If we consider B to be not a single variable, but instead the set of all variables whose knowledge isolates A from all other variables C, we have found the "Markov blanket" of A. If we can find a Markov blanket of the class variable, we have built a minimal classifier--knowledge of the variables in set B are sufficient to determine the probability of A, without using any of the variables in C. We have used this concept of the Markov blanket of the disease class to perform feature set selection. We will look further, however, as variables which connect to the Markov blanket might still be of biochemical importance in understanding the disease, even though they are not the primary "biomarkers" in the usual sense.

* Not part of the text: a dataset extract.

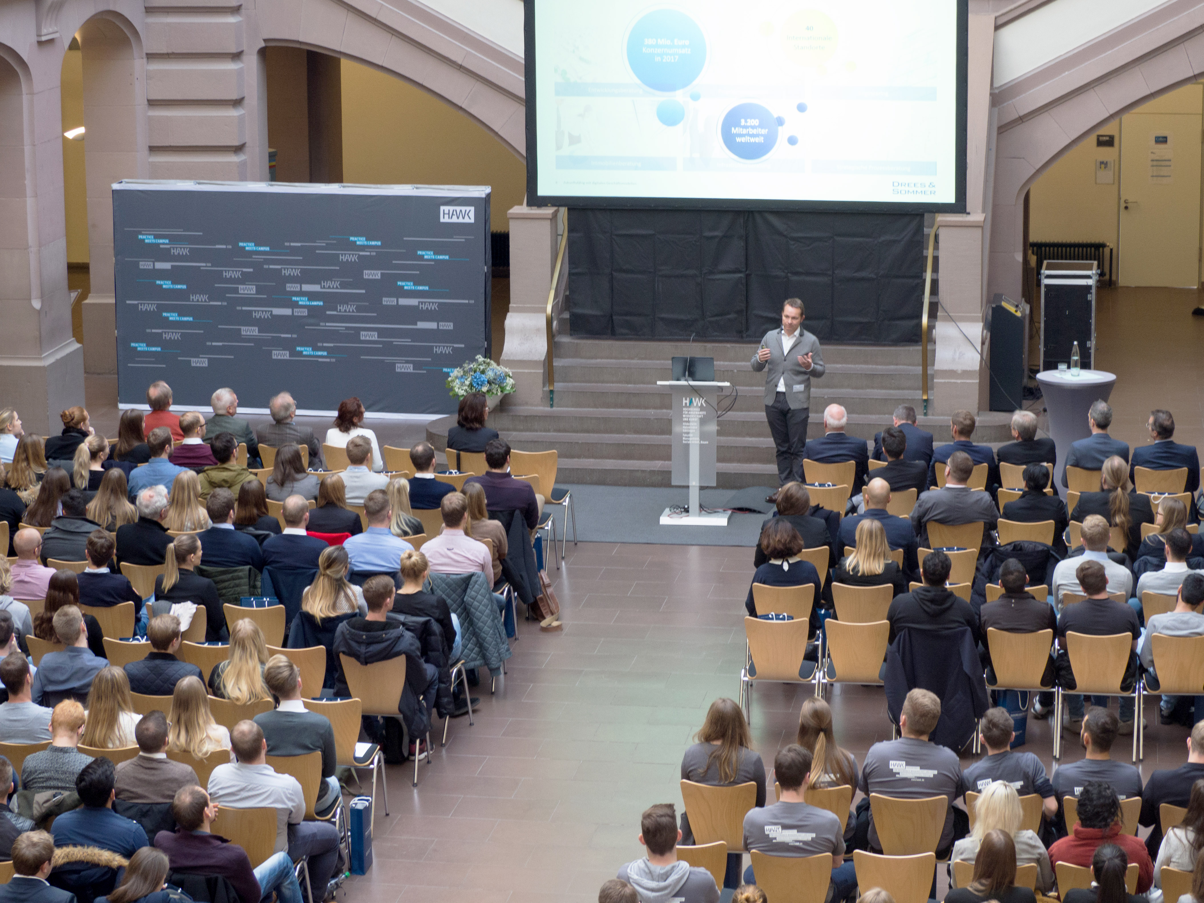 Was bedeutet die Digitalisierung für die Immobilienwirtschaft? Welche Bereiche verändern sich? Und wie können Unternehmen diese Veränderungen aktiv mitgestalten? Norman Meyer, Leiter Digitale Geschäftsmodelle bei der Drees & Sommer SE in Stuttgart, beantwortete diese Fragen beim fünften Personalmanagementkongress „Practice meets Campus“ an der HAWK in Holzminden. Die Veranstaltung bietet Firmen und Studierenden der Immobilienwirtschaft die Möglichkeit, Kontakte zu knüpfen und sich fachlich auszutauschen. Gesprächsstoff liefert die Keynote zu Beginn des Events, die traditionell ein aktuelles Thema der Branche in den Blick nimmt – in diesem Jahr: digitale Geschäftsmodelle. Zuvor begrüßte Dekan Dr. Ulrich Hundertmark das Publikum im Lichthof der Fakultät und übergab das Wort zur Moderation an die Projektleiterin und Initiatorin des Kongresses, Prof. Dr. Susanne Ertle-Straub.

Another important statistical technique we used is that of k-fold cross-validation (CV). We desired to study the stability of the feature selection method, and this type of cross-validation was well suited for that purpose. We repeated the cross-validation a number of times, randomizing the groups each pass. Using that protocol, each case is classified using a different training set. For 10-fold CV, for example, 90% of the cases are used to find classifier parameters to classify the other 10%. By choosing new groups each repetition, a different 90% of cases are used to create the parameters, and a different classification may result.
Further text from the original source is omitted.